Heartrending melodrama ("Her Virtue for Ten Pence"), a barber shop quartet, a Dickensian schoolroom and sentimental drawing room ballads helped to bring the Victorian era back to life in West Malvern on Saturday. A 20-strong cast (including Queen Victoria herself, looking suspiciously like Valerie Blackbourn), aged from about 10 to 80, put on a sparkling entertainment at St James School's Anstruther Theatre, to a script by producer Gwyn Klee with musical backing by John and Susan Raine at the keyboard (Susan also playing several other roles). Beautifully dressed by Olive Wickens, with lighting by Mike Staiger, and using sources as varied as Charles Dickens, Oscar Wilde, Frank Muir and Queen Victoria's own diaries, it added up to a highly entertaining evening. Other cast members included Michael Andrews, Bill Bardsley, Alex Dakin, Laurie Gregory, Emily Knightley, David Matthews, Jim Nisbet, Simon Vaughan-Spencer, Madeleine Stone, Kate and Anthony Wheaton, John Wickens and David Wright, plus a group of St James's School girls who had returned early from their half-term break specially to present a selection of songs by Gilbert and Sullivan. The evening was organised by the Friends of St James's Church and proceeds go to the Church Roof Fund.

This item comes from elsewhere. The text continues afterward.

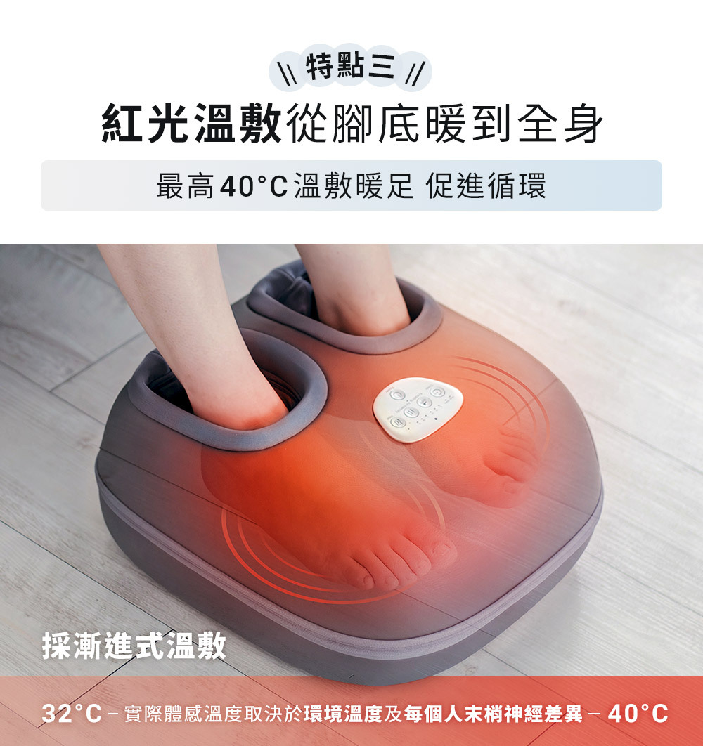 1.最高 40°C 溫敷舒緩,釋放一整天足部壓力

With British servicemen once again on a war footing in the Middle East, memories will be poignant of the 31 men of West Malvern who gave their lives in the two world wars of the twentieth century. They will be remembered again in a special service in St James's Church at 6.30pm next Sun-day, Armistice Day (November 11), when the local branch of the Royal British Legion, in its 80th anniversary year, is hoping for a good congregation.